### How to complete this task
Only the lines from the one with "This paper proposes" to the end of the data below should be given again, exactly, with both ends included and pictures omitted.

### Provided data
# # # # # # #

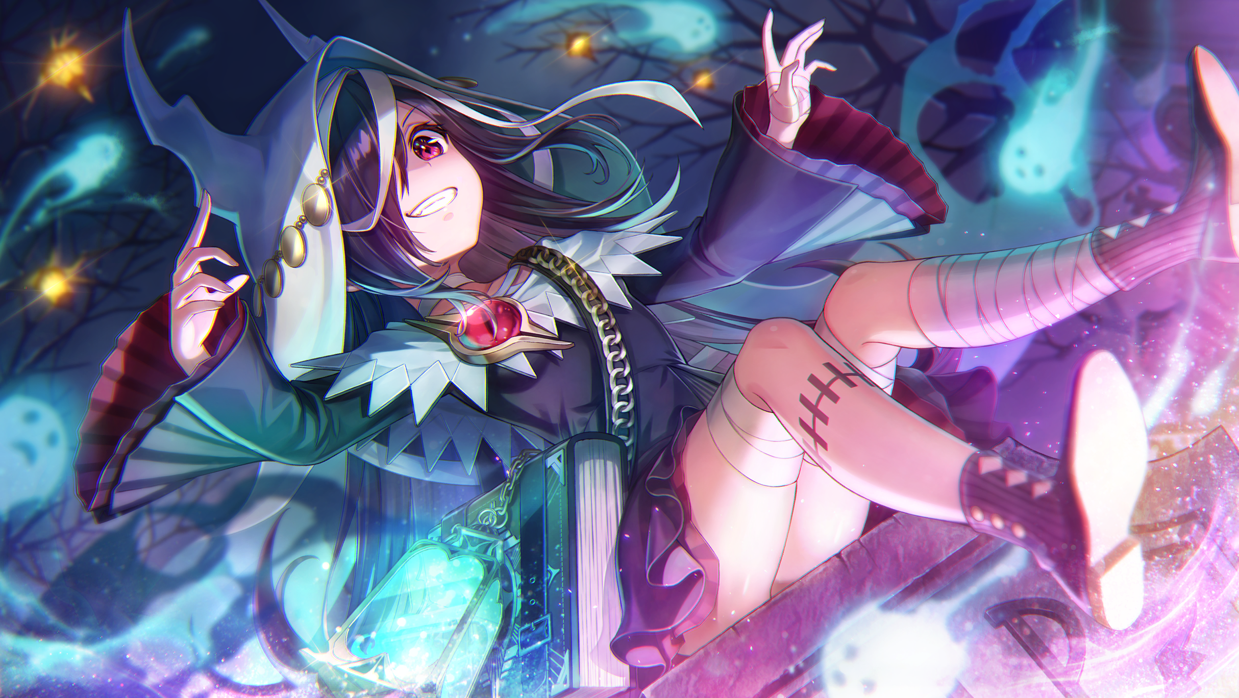 1girl :d bandaged_leg bandages bare_tree black_hair black_shoes black_socks blurry blurry_background book downturned_eyes dress dutch_angle eyelashes fang flying_sweatdrops frilled_dress frills from_below full_body gem ghost grin hair_over_one_eye hands_up heaven_burns_red highres hood hood_up knees_together_feet_apart lantern light_particles long_bangs long_hair long_sleeves looking_at_viewer looking_down night official_alternate_costume official_art one_eye_covered open_mouth outdoors red_eyes red_gem shoe_soles shoes short_dress sitting smile socks solo stitched_leg stitches tenne_miko tenne_miko_(demon_king's_necromancer_of_the_underworld) tree underlighting v-shaped_eyebrows very_long_hair white_dress white_hood wide_sleeves
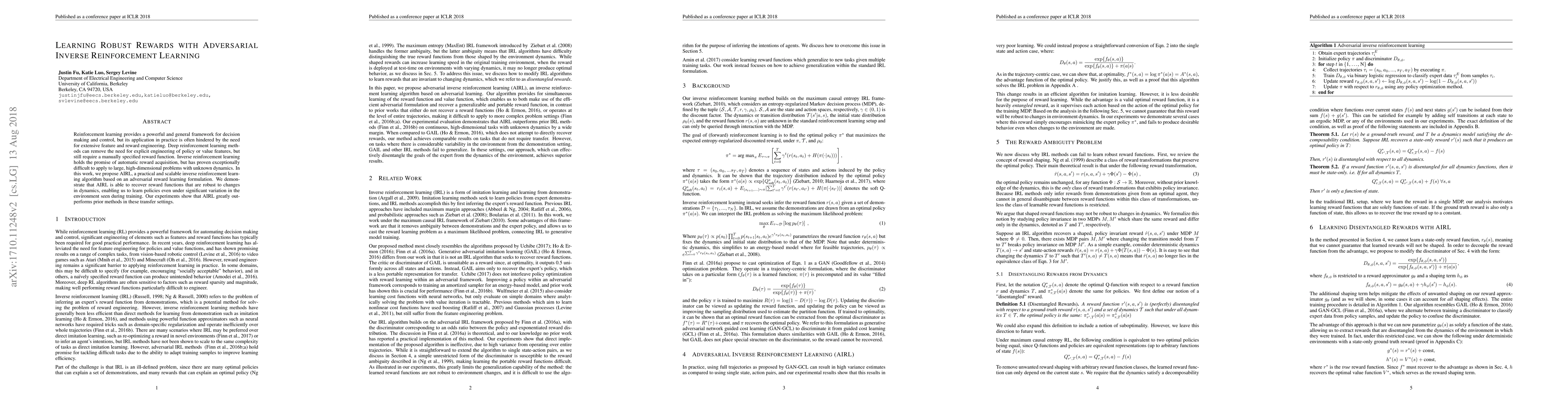 This paper proposes adversarial inverse reinforcement learning (AIRL) to automatically acquire robust reward functions, overcoming the limitations of traditional methods in high-dimensional environments. AIRL demonstrates superior performance in learning policies that generalize well under significant environmental changes.
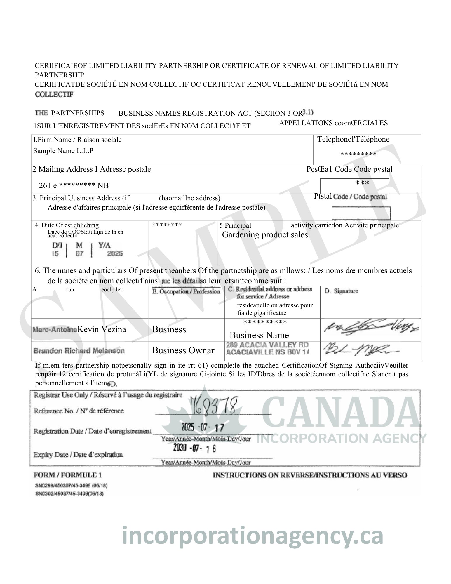 NEW BRUNSWICK GENERAL PARTNERSHIP REGISTRATION

# # # # # # #

### Answer box
 This paper proposes adversarial inverse reinforcement learning (AIRL) to automatically acquire robust reward functions, overcoming the limitations of traditional methods in high-dimensional environments. AIRL demonstrates superior performance in learning policies that generalize well under significant environmental changes.
 NEW BRUNSWICK GENERAL PARTNERSHIP REGISTRATION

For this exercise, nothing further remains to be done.